1. Understand Webflow's Hosting Firewall
- Webflow is built on AWS CloudFront and uses a global CDN and firewall that you cannot configure manually.
- You cannot whitelist specific IPs or User Agents directly within Webflow.
- However, Webflow public sites are crawlable unless manually blocked via Webflow settings or
robots.txt
.
2. Ensure Your Site Is Public and Crawlable
- Go to Project Settings > SEO tab.
- Make sure “Disable Webflow subdomain indexing” is unchecked.
- In the robots.txt editor, do not block the vendor's crawler. For example:
- Avoid lines such as
User-agent: * Disallow: /
- Optionally add:
User-agent: [VendorBot] Allow: /
(replace [VendorBot]
with actual bot name)
3. Share Custom User-Agent or IPs With Webflow Support
- If the vendor has a known static IP address or unique User-Agent, contact Webflow Enterprise Support.
- Webflow support may work on rare exceptions for enterprise teams to reduce false flagging or rate-limiting.
4. Avoid Blocking by Rate Limits or Bot Detection
- Many third-party crawlers get blocked due to aggressive crawling behavior.
- Advise the vendor to:
- Throttle their crawl rate (e.g., 1 request/sec).
- Use a custom User-Agent string that clearly identifies the crawler.
- Respect
robots.txt
rules.
5. Use a Proxy or Middleware (Workaround for Enterprise Clients)
- If whitelisting is non-negotiable, consider setting up a reverse proxy server outside Webflow that mirrors your site and allows whitelisting.
- This works by:
- Hosting the proxy on a separate server.
- Serving the exact content of your Webflow site.
- Applying custom firewall rules to the proxy server.
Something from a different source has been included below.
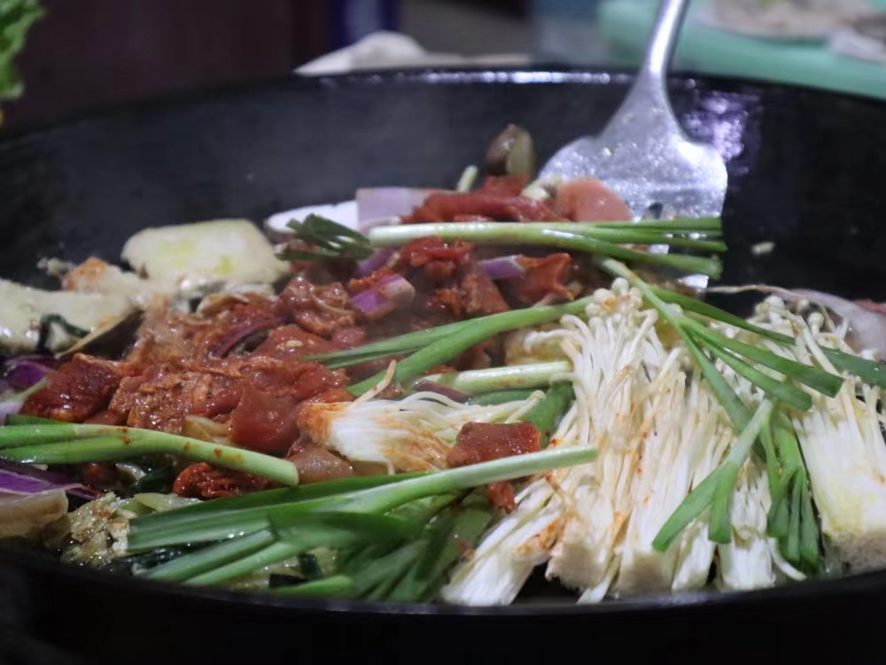 团队更是在有幸在学习中品尝感悟,贵州的羊肉粉选取当地的羊,味道鲜美,羊汤则是长时间熬煮,味道醇厚,再加上弹牙的米粉和羊肉片,一碗经过辣椒点缀后的羊肉粉吃出了满足与幸福。贵州的菜肴中,常见的配料包括酸笋、豆腐干、黄豆芽等,这些都赋予了贵州菜独特的口感和风味。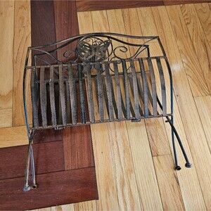 Elegant metal magazine rack. Features intricate butterfly design. Perfect for home decor.

- This requires developer resources and is typically used only in enterprise setups.
Summary
Webflow does not allow direct IP or User-Agent whitelisting, but sites are publicly crawlable by default. Ensure robots.txt
and SEO settings allow access, and work with Webflow support if needed. For advanced control, use an external proxy solution.